The clinical results are the headline. The architecture is the part you can actually build on. So I built Bodh (Sanskrit: insight) — an open-source Go reference implementation of MARA, tuned for medicine, with HIPAA-aware governance baked in.
This article is a knowledge dump in two halves:
- Part 1 — Architecture. The patterns that make a multi-agent clinical system auditable, swappable, and safe to evolve.
- Part 2 — Compliance. How those same patterns map to HIPAA, the 21st Century Cures Act, and adjacent regimes — with code, not bullet points.
Disclaimer up front: Bodh is a research and engineering reference. Not approved for clinical use. Demo agents use simulated answers and rule-based inference. Thresholds are illustrative, not clinical guidelines.
Part 1 — Architecture
The core insight: a monolithic LLM call is not the right shape for clinical work
A single big prompt cannot be:
- Audited — there’s no per-step record of who decided what
- Cost-capped — the cost is whatever the model decides to spend
- Regression-tested — when a guideline changes, you can’t isolate the affected step
- Stopped mid-flow — there’s no place for a clinician to intervene
- Swapped per step — you can’t use a cheap model for triage and a strong model for diagnosis
A multi-agent system, with the right boundary discipline, can do all five.
The MARA pattern, in one sentence
A user (or API call) publishes a clinical message → the orchestrator delivers it to the right agent → the agent returns zero or more new messages → the orchestrator publishes those → governance gates each hop → the workflow continues until a terminal agent decides we’re done.
That’s it. Every clinically interesting behaviour in Bodh is a consequence of that one loop.
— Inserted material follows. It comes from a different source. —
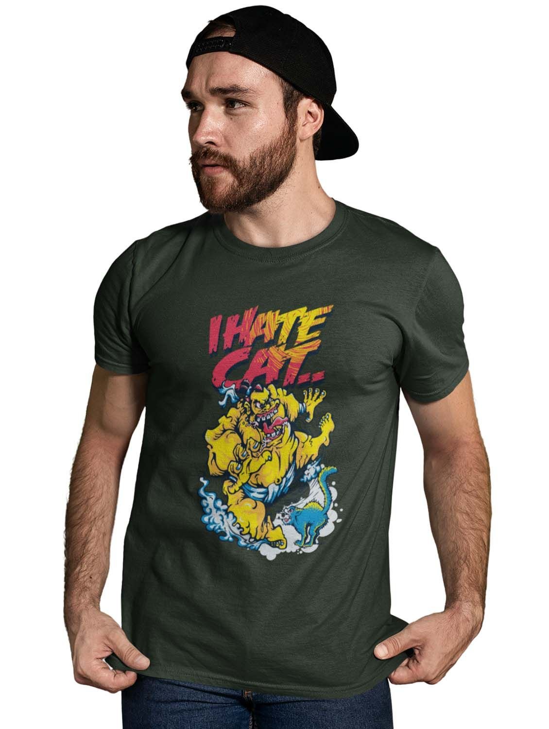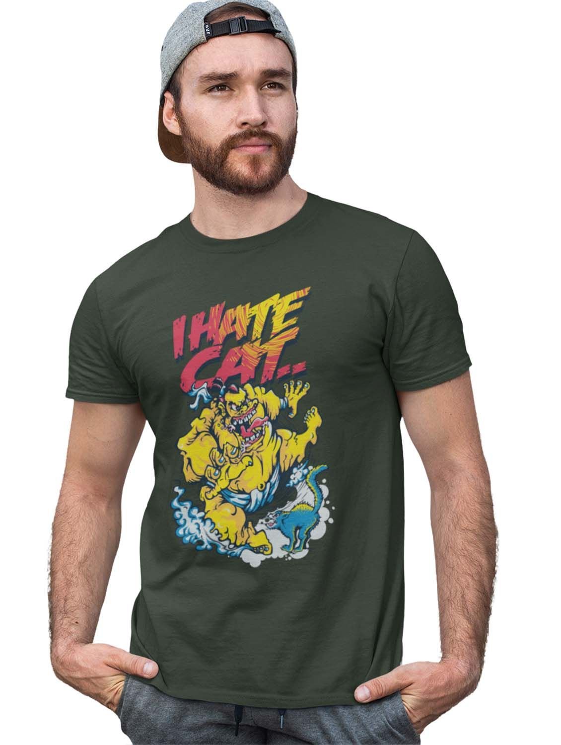 Cat Lover Green Round Neck Cotton Half Sleeved T-Shirt with Printed Graphics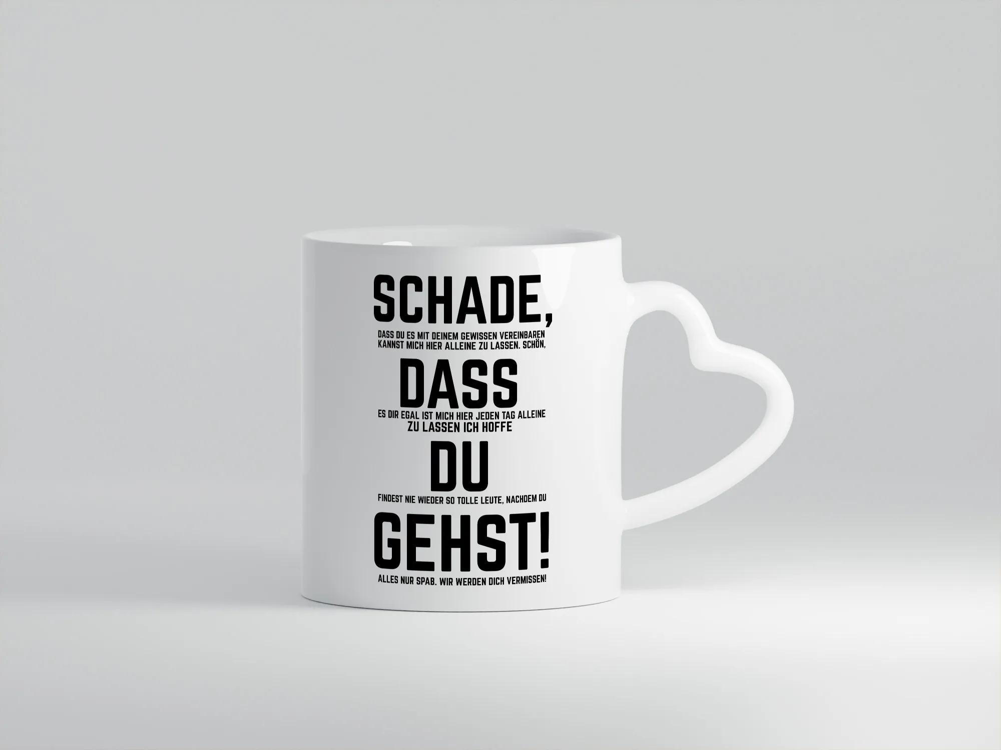 Schade das du gehst | Arbeitskollegen | Jobwechsel – Herzhenkel Tasse – Kaffeetasse / Geschenk / Familie

Five interfaces hold the whole platform together
Everything in Bodh — 17 agents, the bus, the registry, the governance composer, the HITL gate — composes from these five contracts:
type Agent interface {
ID() string
Name() string
Capabilities() []string
HandleMessage(ctx context.Context, msg Message, env Environment) ([]Message, error)
}
type Bus interface {
Subscribe(agentID string, h Handler) (unsubscribe func())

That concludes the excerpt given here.